» Given data
===
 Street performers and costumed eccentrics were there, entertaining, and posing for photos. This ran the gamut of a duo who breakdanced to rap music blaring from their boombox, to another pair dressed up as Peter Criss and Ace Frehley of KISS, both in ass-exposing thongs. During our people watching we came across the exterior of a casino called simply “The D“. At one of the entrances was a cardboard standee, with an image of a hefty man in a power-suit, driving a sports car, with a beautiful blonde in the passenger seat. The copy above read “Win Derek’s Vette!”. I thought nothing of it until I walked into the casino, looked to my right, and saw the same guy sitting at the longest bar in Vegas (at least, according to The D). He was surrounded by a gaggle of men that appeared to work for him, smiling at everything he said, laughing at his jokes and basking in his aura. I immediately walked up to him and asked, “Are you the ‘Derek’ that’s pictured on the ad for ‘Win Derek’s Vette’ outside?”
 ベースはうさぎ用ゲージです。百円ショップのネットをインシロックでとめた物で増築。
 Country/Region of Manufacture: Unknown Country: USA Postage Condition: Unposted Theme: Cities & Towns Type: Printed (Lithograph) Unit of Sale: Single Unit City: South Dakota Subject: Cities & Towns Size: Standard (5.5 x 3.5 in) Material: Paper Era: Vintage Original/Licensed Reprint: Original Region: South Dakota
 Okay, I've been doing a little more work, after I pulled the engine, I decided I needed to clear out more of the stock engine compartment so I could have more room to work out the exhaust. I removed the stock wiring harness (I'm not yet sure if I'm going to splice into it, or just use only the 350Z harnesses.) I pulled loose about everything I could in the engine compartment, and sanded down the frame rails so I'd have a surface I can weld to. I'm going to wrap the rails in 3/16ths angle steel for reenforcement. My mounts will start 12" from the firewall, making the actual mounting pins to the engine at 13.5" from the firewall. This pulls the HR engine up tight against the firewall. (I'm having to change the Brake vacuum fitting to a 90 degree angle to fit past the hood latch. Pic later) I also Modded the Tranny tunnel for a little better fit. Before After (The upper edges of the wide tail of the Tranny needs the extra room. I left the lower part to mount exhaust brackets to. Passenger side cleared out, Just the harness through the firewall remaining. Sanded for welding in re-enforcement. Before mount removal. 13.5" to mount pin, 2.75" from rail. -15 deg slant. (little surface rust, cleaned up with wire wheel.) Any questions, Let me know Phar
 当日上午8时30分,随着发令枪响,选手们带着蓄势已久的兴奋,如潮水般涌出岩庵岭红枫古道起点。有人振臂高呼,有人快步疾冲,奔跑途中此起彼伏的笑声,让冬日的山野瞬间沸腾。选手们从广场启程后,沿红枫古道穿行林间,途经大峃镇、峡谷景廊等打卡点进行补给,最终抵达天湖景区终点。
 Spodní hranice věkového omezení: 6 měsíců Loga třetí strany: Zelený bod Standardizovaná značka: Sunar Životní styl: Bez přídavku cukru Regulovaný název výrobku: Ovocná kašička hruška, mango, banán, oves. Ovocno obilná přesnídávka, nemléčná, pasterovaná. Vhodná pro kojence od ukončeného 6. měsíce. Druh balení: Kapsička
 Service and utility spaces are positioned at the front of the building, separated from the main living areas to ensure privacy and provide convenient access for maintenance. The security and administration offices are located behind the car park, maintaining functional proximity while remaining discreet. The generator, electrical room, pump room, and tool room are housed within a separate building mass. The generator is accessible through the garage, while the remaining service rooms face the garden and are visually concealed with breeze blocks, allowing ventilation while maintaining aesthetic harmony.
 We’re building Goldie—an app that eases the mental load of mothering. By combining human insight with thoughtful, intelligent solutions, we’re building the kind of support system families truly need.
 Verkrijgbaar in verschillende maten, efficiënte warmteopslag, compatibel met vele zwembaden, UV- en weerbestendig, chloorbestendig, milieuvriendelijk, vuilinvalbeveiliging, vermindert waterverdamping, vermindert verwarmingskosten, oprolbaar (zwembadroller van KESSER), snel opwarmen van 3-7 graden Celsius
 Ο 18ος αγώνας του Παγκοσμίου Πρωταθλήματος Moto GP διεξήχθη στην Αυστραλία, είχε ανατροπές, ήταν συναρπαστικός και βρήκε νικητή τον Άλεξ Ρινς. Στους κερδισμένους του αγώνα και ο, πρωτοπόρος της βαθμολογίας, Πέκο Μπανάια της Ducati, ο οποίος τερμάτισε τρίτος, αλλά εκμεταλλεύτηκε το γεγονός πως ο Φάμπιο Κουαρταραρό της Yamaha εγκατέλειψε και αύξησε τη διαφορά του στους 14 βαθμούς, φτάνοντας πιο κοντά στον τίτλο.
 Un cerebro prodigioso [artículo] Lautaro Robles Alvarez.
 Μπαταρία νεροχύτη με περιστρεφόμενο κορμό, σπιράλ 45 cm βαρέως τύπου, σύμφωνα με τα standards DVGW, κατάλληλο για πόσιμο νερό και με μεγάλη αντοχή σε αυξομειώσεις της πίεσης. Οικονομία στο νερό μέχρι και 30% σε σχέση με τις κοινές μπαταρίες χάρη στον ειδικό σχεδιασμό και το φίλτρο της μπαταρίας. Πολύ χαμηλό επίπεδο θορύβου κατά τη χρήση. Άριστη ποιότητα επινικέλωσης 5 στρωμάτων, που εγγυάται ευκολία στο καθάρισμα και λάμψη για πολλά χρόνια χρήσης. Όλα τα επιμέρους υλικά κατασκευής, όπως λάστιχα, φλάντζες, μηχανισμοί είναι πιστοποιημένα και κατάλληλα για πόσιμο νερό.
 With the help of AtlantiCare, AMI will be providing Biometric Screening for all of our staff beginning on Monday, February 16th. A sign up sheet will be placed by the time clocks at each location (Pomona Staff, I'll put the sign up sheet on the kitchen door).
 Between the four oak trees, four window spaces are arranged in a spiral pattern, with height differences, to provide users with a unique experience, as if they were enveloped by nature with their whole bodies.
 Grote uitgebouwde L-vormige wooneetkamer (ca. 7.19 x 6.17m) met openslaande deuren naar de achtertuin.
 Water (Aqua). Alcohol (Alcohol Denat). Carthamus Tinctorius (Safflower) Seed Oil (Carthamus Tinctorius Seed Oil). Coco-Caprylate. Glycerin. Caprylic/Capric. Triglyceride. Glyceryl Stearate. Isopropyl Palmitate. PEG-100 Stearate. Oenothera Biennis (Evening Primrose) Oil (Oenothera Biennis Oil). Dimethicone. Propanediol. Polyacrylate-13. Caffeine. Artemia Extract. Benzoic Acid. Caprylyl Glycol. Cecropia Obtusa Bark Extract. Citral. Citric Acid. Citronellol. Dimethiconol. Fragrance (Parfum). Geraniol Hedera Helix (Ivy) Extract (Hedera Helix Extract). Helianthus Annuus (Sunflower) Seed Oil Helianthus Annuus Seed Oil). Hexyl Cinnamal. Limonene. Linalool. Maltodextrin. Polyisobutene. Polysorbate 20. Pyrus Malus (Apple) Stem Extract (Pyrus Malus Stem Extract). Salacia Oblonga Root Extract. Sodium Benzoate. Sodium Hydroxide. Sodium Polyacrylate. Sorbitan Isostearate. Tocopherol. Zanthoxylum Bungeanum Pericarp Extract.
===
» Work instructions
Copy out only the lines above from the one with "Un cerebro prodigioso" to the one with "Grote uitgebouwde L-vormige", inclusive, exactly as they stand.

» Solution below
 Un cerebro prodigioso [artículo] Lautaro Robles Alvarez.
 Μπαταρία νεροχύτη με περιστρεφόμενο κορμό, σπιράλ 45 cm βαρέως τύπου, σύμφωνα με τα standards DVGW, κατάλληλο για πόσιμο νερό και με μεγάλη αντοχή σε αυξομειώσεις της πίεσης. Οικονομία στο νερό μέχρι και 30% σε σχέση με τις κοινές μπαταρίες χάρη στον ειδικό σχεδιασμό και το φίλτρο της μπαταρίας. Πολύ χαμηλό επίπεδο θορύβου κατά τη χρήση. Άριστη ποιότητα επινικέλωσης 5 στρωμάτων, που εγγυάται ευκολία στο καθάρισμα και λάμψη για πολλά χρόνια χρήσης. Όλα τα επιμέρους υλικά κατασκευής, όπως λάστιχα, φλάντζες, μηχανισμοί είναι πιστοποιημένα και κατάλληλα για πόσιμο νερό.
 With the help of AtlantiCare, AMI will be providing Biometric Screening for all of our staff beginning on Monday, February 16th. A sign up sheet will be placed by the time clocks at each location (Pomona Staff, I'll put the sign up sheet on the kitchen door).
 Between the four oak trees, four window spaces are arranged in a spiral pattern, with height differences, to provide users with a unique experience, as if they were enveloped by nature with their whole bodies.
 Grote uitgebouwde L-vormige wooneetkamer (ca. 7.19 x 6.17m) met openslaande deuren naar de achtertuin.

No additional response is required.